The measurement of ROS is based on fluorogenic marker CM-H2DCFDA, a chloromethyl derivative of H2DCFDA (Molecular Probe). A fresh stock solution (2.16 mM) of CM-H2DCFDA was made and 3 µl from the stock was injected intravitreally into the eye cavity of anesthetized rats. After 6-8 hours, the retina was dissected, rinsed in cold saline and then immersed in 300 µl of 50 mM Hepes buffer, pH 7.4 containing 0.1% SDS. Retinas were sonicated, centrifuged and 100 µl supernatant assayed fluorometrically at excitation and emission wavelengths of 485 and 538 nm respectively.

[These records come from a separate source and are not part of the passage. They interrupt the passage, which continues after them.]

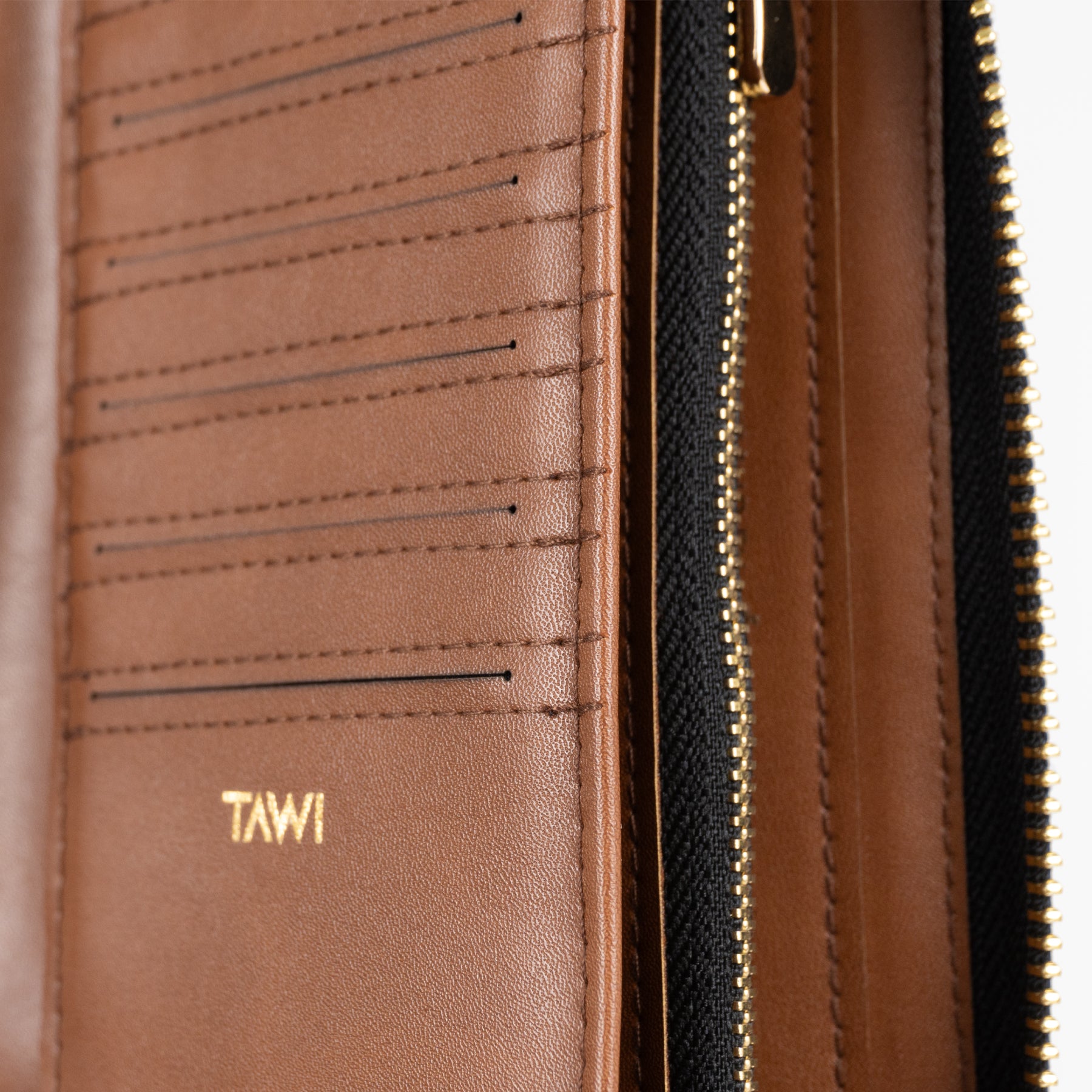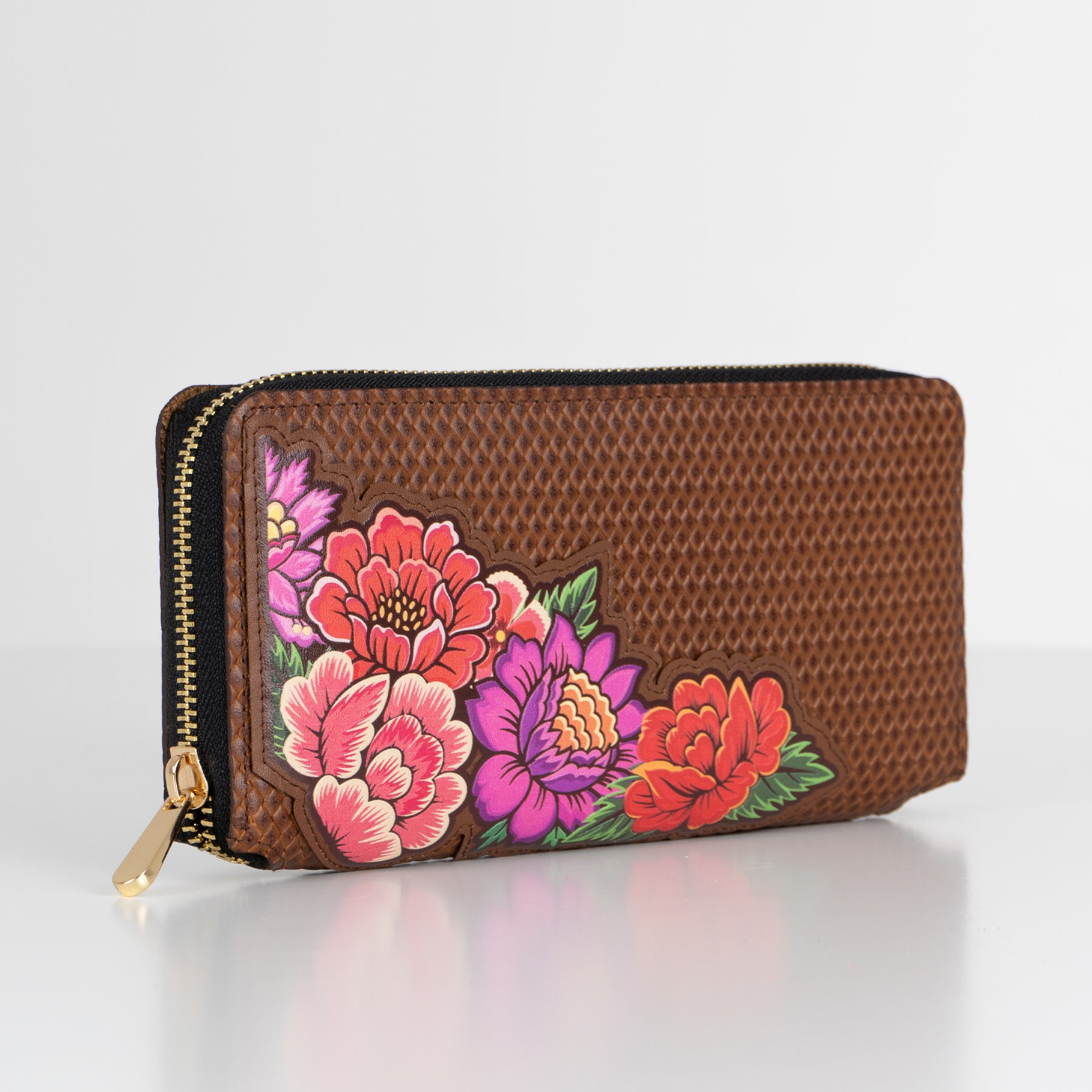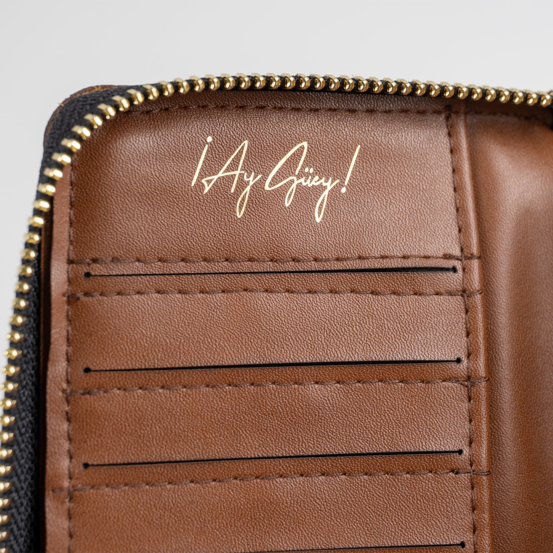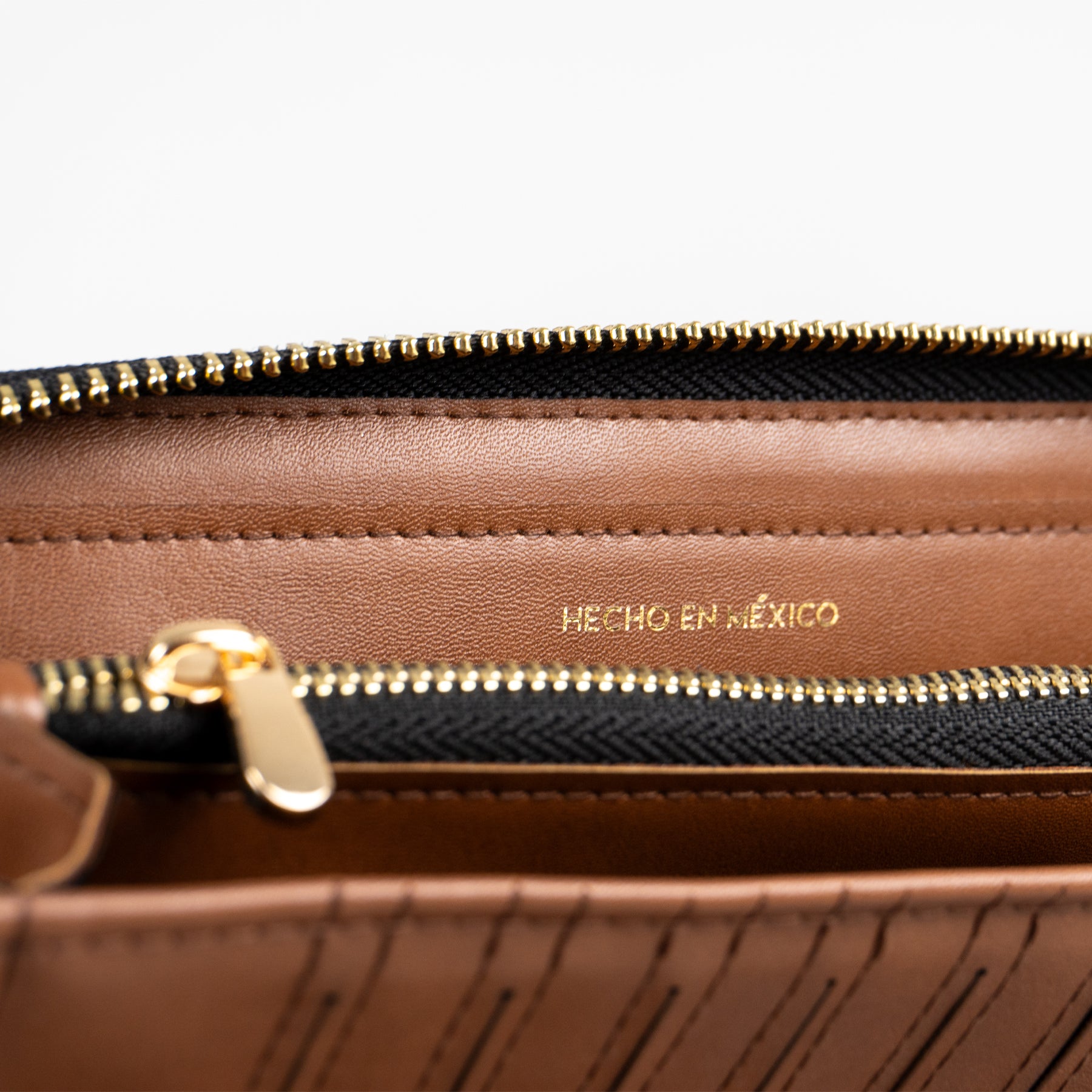 Cartera amplia de dama, con 3 bolsillos, tarjeteros y monedero.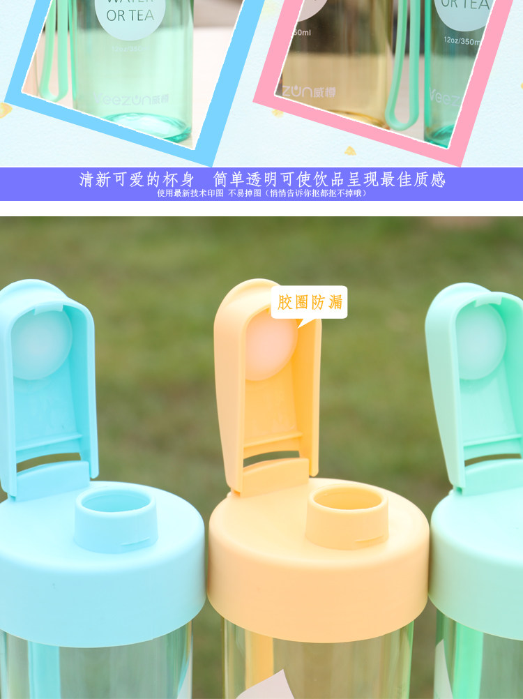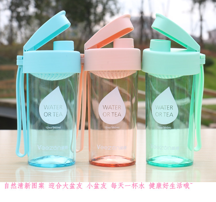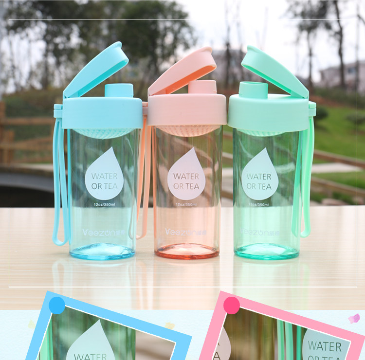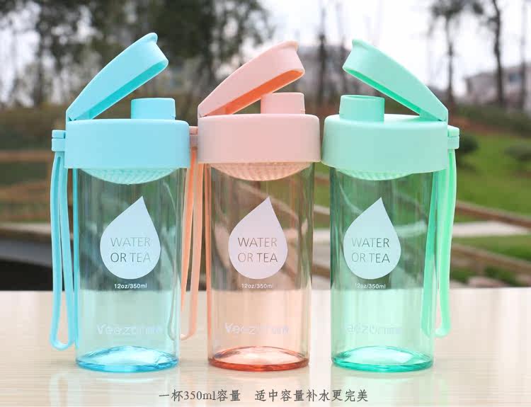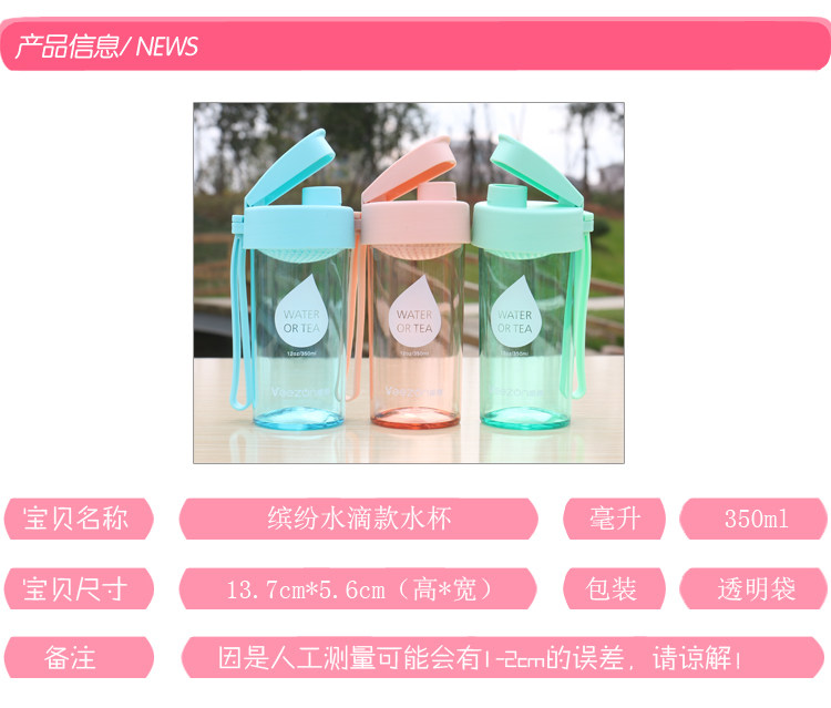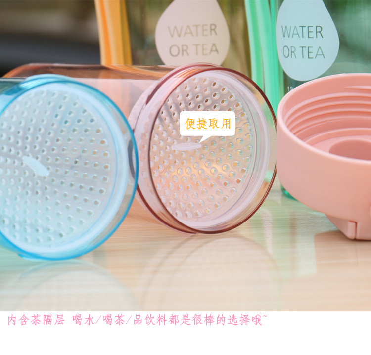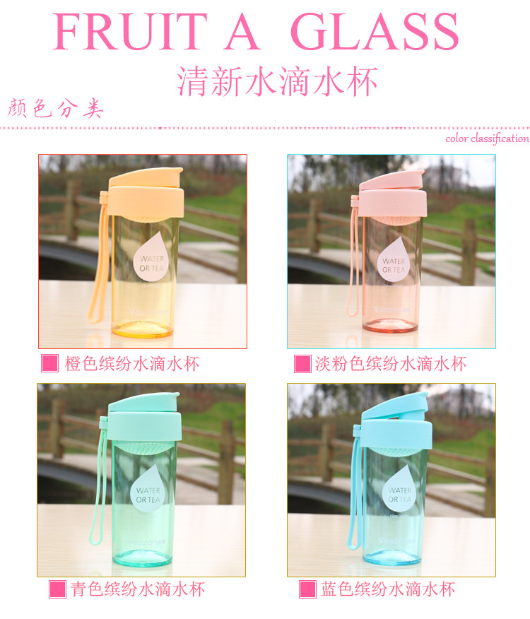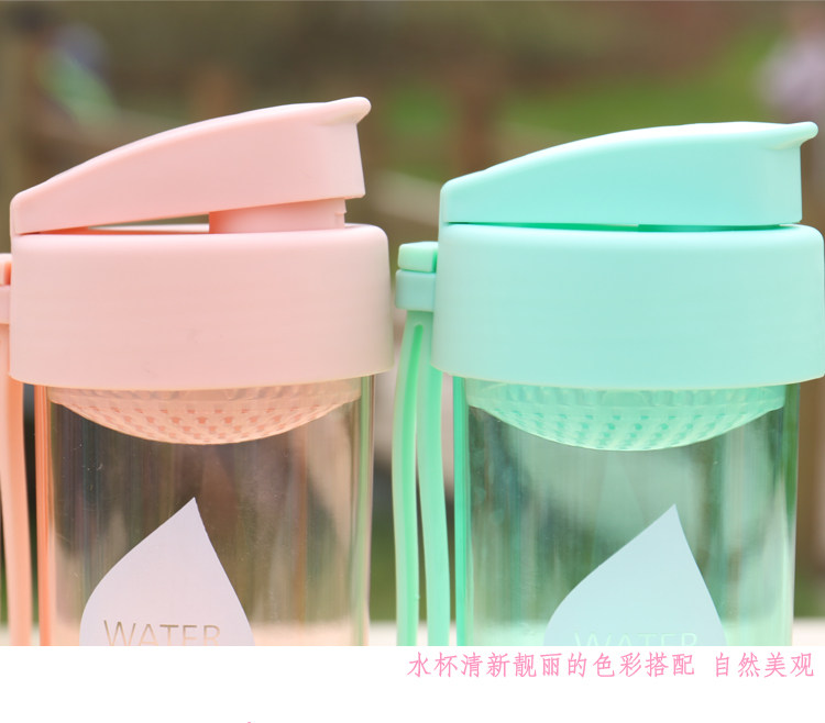 创意水滴透明水杯塑料水瓶夏季便携式随手杯子办公带滤网茶杯男女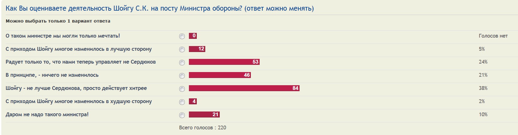 Результат первых суток голосования на нашем форуме и запущенном на "Одноклассниках" в группе "Офицеры"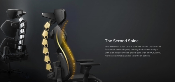 The Terminator Elite’s central structure mimics the form and function of a second spine, shaping the backrest to align with the natural curvature of your back with a new, flashier, more exotic metallic gold or silver finish options.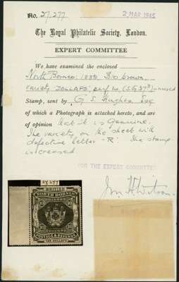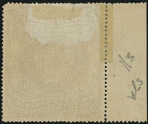 1889 $10 brown left marginal with R2/1 DOLLAPS at foot, part o.g. with an area of missing gum, selvedge splitting away (in part reinforced), short perfs at top, creased and with a blunt top right corner. Despite the defects, a fair example of a rare stamp, last sold at Harmers (7.2.56). RPS Certificate (1945) when SG 37B. SG 50b, £1500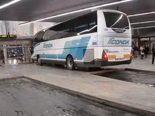 El autobús subió el bordillo y chocó contra un pilar y un banco en el que se encontraba la mujer sentada. Tras arrastrar el banco, el chofer consiguió detener el vehículo cuando ya había subido a la zona de espera y se encontraba a dos metros de distancia de la cristalera que separa el acceso de los viajeros a las dársenas.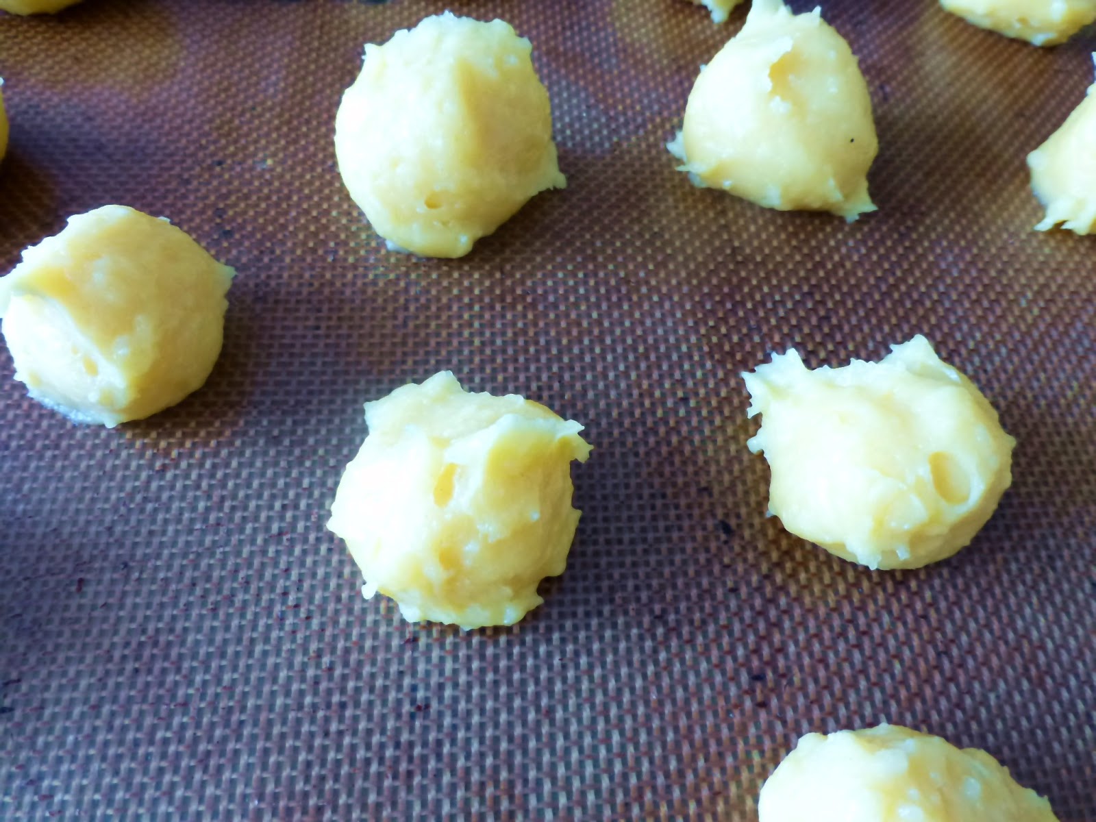 Con ayuda de dos cucharillas hacemos bolitas con la masa y las vamos colocando encima del silpat.  Metemos al horno y cocemos unos 15 minutos.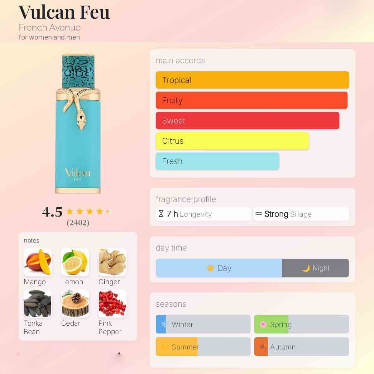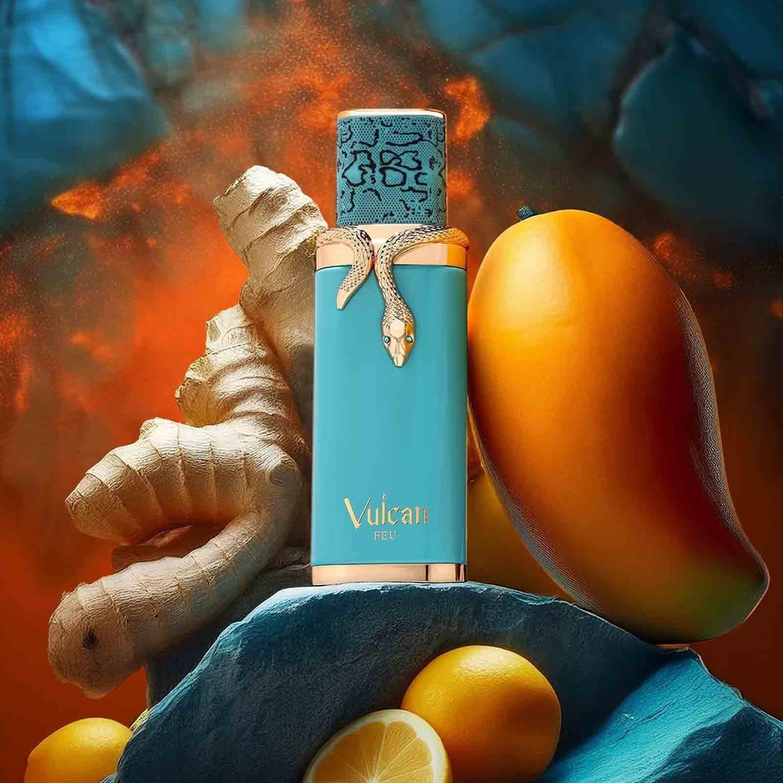Vulcan Feu by French Avenue is a popular unisex oriental-woody fragrance known for its vibrant, tropical opening of mango, ginger, and citrus, evolving into a floral heart with jasmine and pink pepper, and settling into a warm, woody base of cedarwood, tonka bean, ambergris, and musk, offering a bold yet sophisticated scent often compared to Stéphane Humbert Lucas God of Fire. It’s described as a fruity-spicy, long-lasting perfume suitable for those seeking a confident, modern, and charismatic signature scent.

ROS values in retinas of control, diabetic and diabetic rats treated with minocycline (40mg/kg/day) or memantine (30mg/kg/day) are reported.
Intravitreal injection of lipopolysacharide (LPS), an endotoxin and diamide, an oxidizing agent of glutathione increased ROS levels several fold in control rat retina. ROS levels in diabetic rat retinas were 2 fold higher than control retinas 8 hours following H2DCFDA injection. After 10 days treatment of 3 month diabetic rats with minocycline (40 mg/kg/day), the ROS levels in the diabetic retina were reduced to control levels. Memantine treatment (30 mg/kg/day) for 10 days also significantly lowered ROS levels in 3 months diabetic rat retinas compared to untreated diabetic retina.
Measurements of in vivo ROS generation in rat retinas are established. As expected LPS and diamide increases the generation of ROS in control retina. ROS levels increase in diabetic retina and minocycline, a known anti-inflammatory agent and memantine (an NMDA receptor blocker) lower ROS levels in diabetic rat retina. The data demonstrate the presence of oxidative stress in the diabetic retina which can be reduced therapeutically.